Из московского литературного мира я вижусь только с Новиковым[342], да изредка с Гершензоном. Раньше с Зайцевыми, но они теперь в Италии.
Красная литературная молодежь делает свой молодой шум вокруг своих Маяковских, Шершеневичей. Там мало талантливого, а что талантливо, лишено вкуса, пропитано тенденцией. Но… перемелется – мука будет. Вокруг студий – и в студиях тоже толпятся жаждущие сопричастия к искусству кадры. Странный отток от жизни, от жизнетворчества. Последнее – по дирижерской палочке и трагически не осуществимо при недостатке какого бы то ни было “оборудования” (в школах, детских садах, всяких мастерских, техникумах и т. п.). Но в общем, жизнь гораздо легче и “богаче”, если уместно такое слово, чем три года тому назад. Впрочем, богатство – однобокое – бриллианты и бобры, как и раньше, удел очень малого меньшинства. Большинство же радуется, что ходят трамваи, освещены улицы, есть рынки и на них всякая снедь вместо одного пшена и воблы 19 и 20 годов.

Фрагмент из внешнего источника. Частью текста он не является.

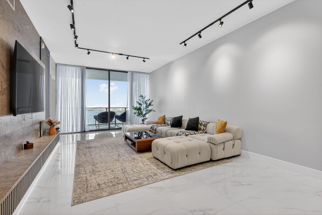 Experience elevated living on the 32nd floor of Aria Reserve. This unit is higher, brighter, and boasts the coveted, full bay view everyone asks for. Offered fully furnished at $11,000/month.This stunning residence features two bedrooms plus a dedicated office and three baths. Enjoy clean finishes, exceptional light, and privacy. Custom upgrades include custom closets, drapes, shades, lighting, and custom cabinets. Parking includes one garage spot and one valet. Move-in ready!Amenities are truly next level: pool, spa, state-of-the-art gym, sports courts, kids' areas, and a private wine cellar. Located perfectly between Midtown, Wynwood, and the beach.Visit today and secure this luxury lease!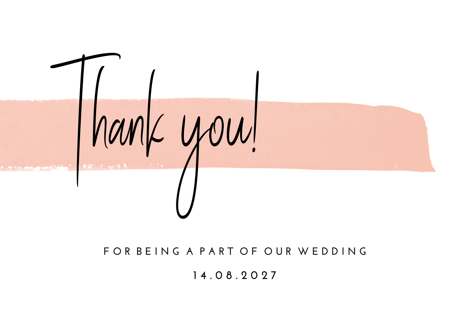Bedank jullie bruiloftsgasten met een kaartje in de stijl van de trouwkaart. Op deze witte kaart staat een roze verfstreep met 'thank you', de roze streep komt ook terug op de achterkant bij de namen van het bruidspaar.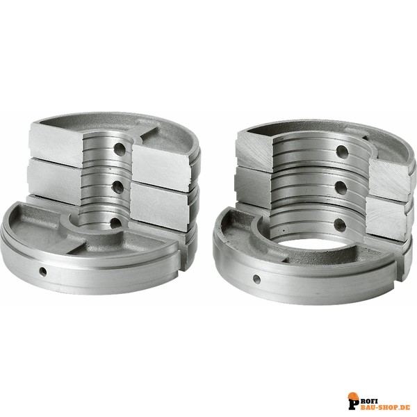 Der ROTHENBERGER Reduktions-Spanneinsatz (200 mm) ermöglicht die präzise und sichere Fixierung von Rohren in den Grundspannbacken der Kunststoffschweißmaschine P500B. Ein Satz aus 8 hochwertigen Stahlhalbschalen mit spezieller Kontur gewährleistet festen Sitz und einfache Handhabung.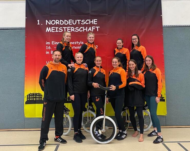 Wir gratulieren von Herzen Laura und Milena von der Einradabteilung des Elmshorner MTVs. Sie wurden mit ihrem Juniorkader Schleswig-Holstein auf der Norddeutschen Meisterschaft, 03. bis 05. Oktober 2025, Elmshorn, Landesmeister! Ihre Sportlerinnen, darunter auch Johanna vom EMTV, präsentierten eine großartige und spannende Kür mit bemerkenswert hohem Trickniveau mit dem Titel 'Revolting children'. Im November geht es zur Deutschen Meisterschaft nach Bottrop, Nordrhein-Westfalen.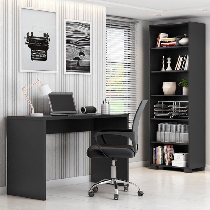 Kit 3 Peças com Cadeira para Escritório, Estante Livreiro e Escrivaninha Gávea Espresso Móveis Preto

Знаете ли Вы адрес Аллы? Если да, пожалуйста, напишите. Привет Анне Елеазаровне, Тане, Наташе.
Всего доброго Ваша В. М.
39. Варвара Малахиева-Мирович – Льву Шестову
5 декабря 1923
Сергиево – Париж
Вчера получила письмо Ваше, Лев Исаакович. Еще до этого узнала через Гершензона – Лилю, что Вы очень хворали. Иногда боль содействует какому-то нужному внутреннему; иногда только изматывает последние силы. И в том, и в другом случае Вам желаю, чтобы она не повторялась. Верится, что Ваш дух найдет свои пути и кроме боли. К тому же, ее уже достаточно у Вас было.
Я читаю про всяких авв и поражаюсь, как им трудно было факирское самоистязание, репа на деревянном масле, немытые тела… Воздержание – понимаю, презреть и забыть свою плоть (затворники) – тоже, но зачем же им терзать ее и издеваться над нею. А <нрзб> и патерики утверждают, что это путь единый для всех верных, вожделенный.

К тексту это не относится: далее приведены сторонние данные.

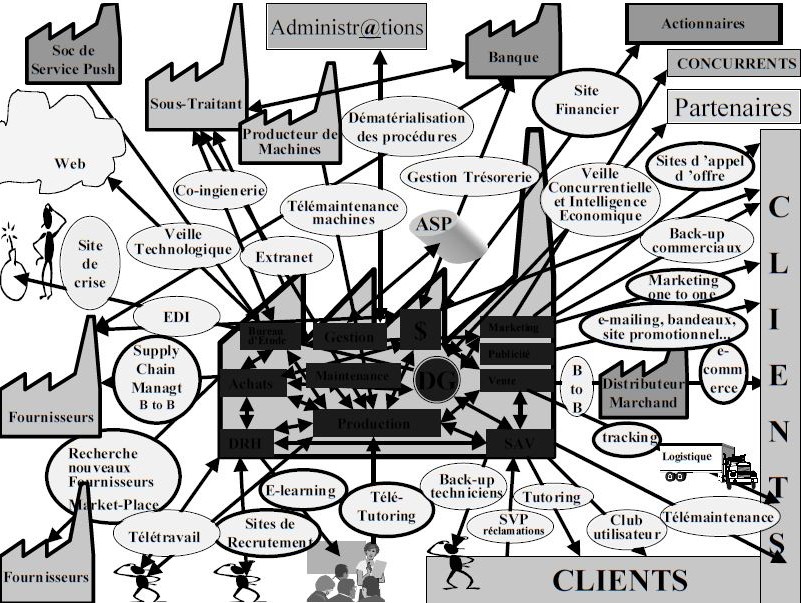 De plus, toutes les fonctions sont touchées : Internet offre des outils pour le marketing, la recherche d’appels d’offre, l’assistance aux commerciaux sur le terrain, la veille, les achats, la gestion des approvisionnements, le recrutement, la formation, la publicité, la vente, la logistique, le service après vente, gestion de la relation client, suivi de la qualité, la surveillance des risques, les relations financières avec les partenaires, l’information des actionnaires, la dématérialisation des relations avec l’administration, la gestion de projets etc.

Вот уже прожита жизнь, а все нет для меня такого лимонаря или патерика, который успокоил бы душу от буйственных сомнений и вывел бы из “темницы духовой”. На времена, более или менее короткие, проходит через душу луч из иных миров и всегда тоска о них. И больше ничего. А вокруг такие “утвержденные на камени”, с догматами, с ритуалом жития, с исповеданием до мученичества – завидный жребий. И в этом смысле полнота одиночества.
Тронула меня и пристыдила Ваша забота в области долларов. Вычеркните ее из поля душевного зрения. Нужду потерпеть я не прочь в сужденные сроки – и опыт в этом у меня достаточный, безвыходных же положений нет. До крайности же меня и мать не допустит. Михаил Владимирович, – у него есть стремление и совсем поднять на свою спину бремя наших существований, но до этого я, конечно, его не допущу – у него целый дом – жена, коза, прислуга, сын, и он не мастер добывать деньги.

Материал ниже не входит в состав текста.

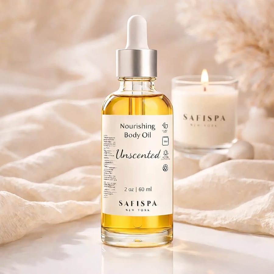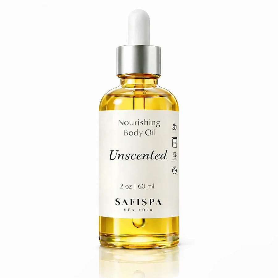 SaFiSpa Unscented Body Oil is a fragrance-free body oil designed for daily body care, soft-skin routines, and lightweight post-shower hydration. This fast-absorbing body oil blends grapeseed oil, sunflower seed oil, jojoba oil, and vitamin E to help skin feel smooth, comfortable, moisturized, and never heavy. Created for those who want clean, minimal body care with a silky finish that layers beautifully with lotion, body butter, or perfume.

Пока я еще трачу жалованье последнего месяца, растянув его на два, и у меня есть маленький урок и довольно большие запасы картофеля, свеклы и репы. Так что бросьте, добрый мой старый друг, (уже теперь и иносказательно “старые” мы друзья) бросьте думать об этой стороне моего жития. Вот поправится мать (у нее абсцесс, было две операции – нога), оправлюсь я сама – у меня сейчас приступ ревматизмов и печени – и поеду в Москву, к Добровым, поживу у них недели две и поищу переводов в среде знакомых литераторов. К тому времени и Евгений Германович приедет; обещал помочь мне в приисках работы.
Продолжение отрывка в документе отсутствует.